La puesta en escena está trabajada con una atención obsesiva. Cada plano es una suerte de pintura. Nada se deja al descuido, ni la colocación de personajes y objetos ni el movimiento de la cámara ni el corta-pega de la sala de montaje, modélico por lo invisible. Todo ello coordinado por un Elia Kazan febril, cuya cabeza iba a mil por hora tratando de dar respuesta a todas las interrogantes que su participación en la paranoia anticomunista había desatado: ¿Cuándo se convierte uno en delator? ¿Hasta qué punto obligan los códigos de honor? ¿Hasta dónde llegan las lealtades? ¿La ley del silencio es un imperativo ético o un chantaje inaceptable? ¿Qué precio hay que pagar por ser fiel a uno mismo? ¿Y merece la pena ese precio…? Si con esta película logró aplacar su atormentada alma, solo él lo sabe. El estigma nunca le abandonó. En el homenaje que le tributaron en los Oscar casi cincuenta años después, ya nonagenario y con la muerte en perspectiva, media platea se quedó sentada en señal de protesta.

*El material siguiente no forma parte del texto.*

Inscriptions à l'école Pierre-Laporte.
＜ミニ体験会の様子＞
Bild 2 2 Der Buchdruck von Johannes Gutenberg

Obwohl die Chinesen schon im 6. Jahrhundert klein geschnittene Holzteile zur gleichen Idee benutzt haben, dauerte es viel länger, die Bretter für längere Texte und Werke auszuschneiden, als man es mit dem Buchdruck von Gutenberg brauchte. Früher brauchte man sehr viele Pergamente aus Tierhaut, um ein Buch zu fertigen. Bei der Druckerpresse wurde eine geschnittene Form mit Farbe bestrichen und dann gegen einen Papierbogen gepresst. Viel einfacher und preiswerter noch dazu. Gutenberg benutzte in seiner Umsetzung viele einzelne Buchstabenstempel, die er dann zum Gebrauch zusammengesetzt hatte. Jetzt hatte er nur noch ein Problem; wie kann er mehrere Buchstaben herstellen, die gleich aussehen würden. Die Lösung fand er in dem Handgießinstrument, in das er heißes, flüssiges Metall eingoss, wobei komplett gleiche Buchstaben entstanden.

El espectador se contagia de todo ese desasosiego vital, de esa sensación de que no hay salida, simbolizada en la metáfora de la bandada de palomas rodeada de halcones. Una figura retórica que se hace realidad cuando los descargadores se arrojan sobre las fichas de acceso al trabajo que los sindicalistas les lanzan, como si fueran palomas peleándose por pedazos de pan. Cuando hay que comer, la dignidad se deja al borde del camino. O quizás la dignidad consista, precisamente, en hacer todo lo que sea menester, por muy humillante que sea, con tal de conseguir comer.

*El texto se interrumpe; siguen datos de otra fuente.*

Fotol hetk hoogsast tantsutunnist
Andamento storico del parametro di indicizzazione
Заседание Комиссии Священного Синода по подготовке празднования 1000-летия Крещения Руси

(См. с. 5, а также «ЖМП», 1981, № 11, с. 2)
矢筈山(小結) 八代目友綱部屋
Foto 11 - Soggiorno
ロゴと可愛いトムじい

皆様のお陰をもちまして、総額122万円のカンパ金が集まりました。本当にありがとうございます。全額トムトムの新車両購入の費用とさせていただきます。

El otro gozo superlativo de On the Waterfront es Marlon Brando. La década de los cincuenta fue suya: Un tranvía llamado deseo, ¡Viva Zapata!, Julio César, The Wild One, Sayonara… Nunca hubo una irrupción semejante en la historia del cine. Cambió por completo el ecosistema de las estrellas masculinas. Se terminaron los héroes de una pieza. Demostró que los protagonistas podían y debían llorar, derrumbarse, desnudar su fragilidad ante la cámara, sacar su lado más débil, también las esquinas oscuras… Y las violentas. Abrió a patadas una puerta por la que después entrarían Paul Newman, Robert Redford, Gene Hackman, Dustin Hoffman, Al Pacino, Jack Nicholson o Robert de Niro.

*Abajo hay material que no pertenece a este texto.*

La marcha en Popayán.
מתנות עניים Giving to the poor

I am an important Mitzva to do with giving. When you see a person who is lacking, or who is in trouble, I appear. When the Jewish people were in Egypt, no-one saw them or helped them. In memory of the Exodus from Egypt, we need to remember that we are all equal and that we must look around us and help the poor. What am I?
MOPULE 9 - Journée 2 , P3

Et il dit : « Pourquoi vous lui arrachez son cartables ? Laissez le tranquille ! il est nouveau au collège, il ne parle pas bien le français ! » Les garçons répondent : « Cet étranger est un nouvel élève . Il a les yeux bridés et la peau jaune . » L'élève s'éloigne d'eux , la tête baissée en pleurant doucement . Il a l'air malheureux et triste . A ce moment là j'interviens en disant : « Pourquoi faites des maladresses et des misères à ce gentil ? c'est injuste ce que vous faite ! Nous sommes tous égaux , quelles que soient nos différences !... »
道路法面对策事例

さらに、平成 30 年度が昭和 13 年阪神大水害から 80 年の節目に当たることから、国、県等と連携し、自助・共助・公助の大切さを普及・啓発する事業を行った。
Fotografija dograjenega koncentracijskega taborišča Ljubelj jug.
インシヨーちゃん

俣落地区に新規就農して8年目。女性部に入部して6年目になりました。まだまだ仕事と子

Su compleja composición de Terry Malloy, el improbable héroe de On the Waterfront, es más sorprendente aún si se tiene en cuenta que Brando ni siquiera había cumplido los treinta años. Malloy es un exboxeador fracasado que malvive de encargos para la mafia sindical. Es definitivamente estúpido e infantilizado hasta tal punto que solo se encuentra cómodo con adolescentes. A la vez, desprende una extraña ternura. Soporta humillación tras humillación pero no olvida que una vez pudo haber sido aspirante al título mundial, como recuerda uno de los monólogos más famosos y devastadores que se hayan oído nunca en una pantalla: “I coulda’ been a contender…”. Dando tumbos de esquina a esquina del barrio portuario, la vida le deparará un último combate.


On the Waterfront fue un éxito mayúsculo. La crítica se rindió a ella. También el público. Y la industria, premiándola con ocho Oscar, entre ellos película, director, guion y los ya citados de Marlon Brando y Eve María Saint. Palmarés como este fueron los que convirtieron a los Oscar en una referencia cinematográfica. Desde los años treinta hasta los setenta, prácticamente no hay una sola estatuilla reprochable. A partir de los malhadados ochentas fue cuando Hollywood empezó a dilapidar el crédito acumulado.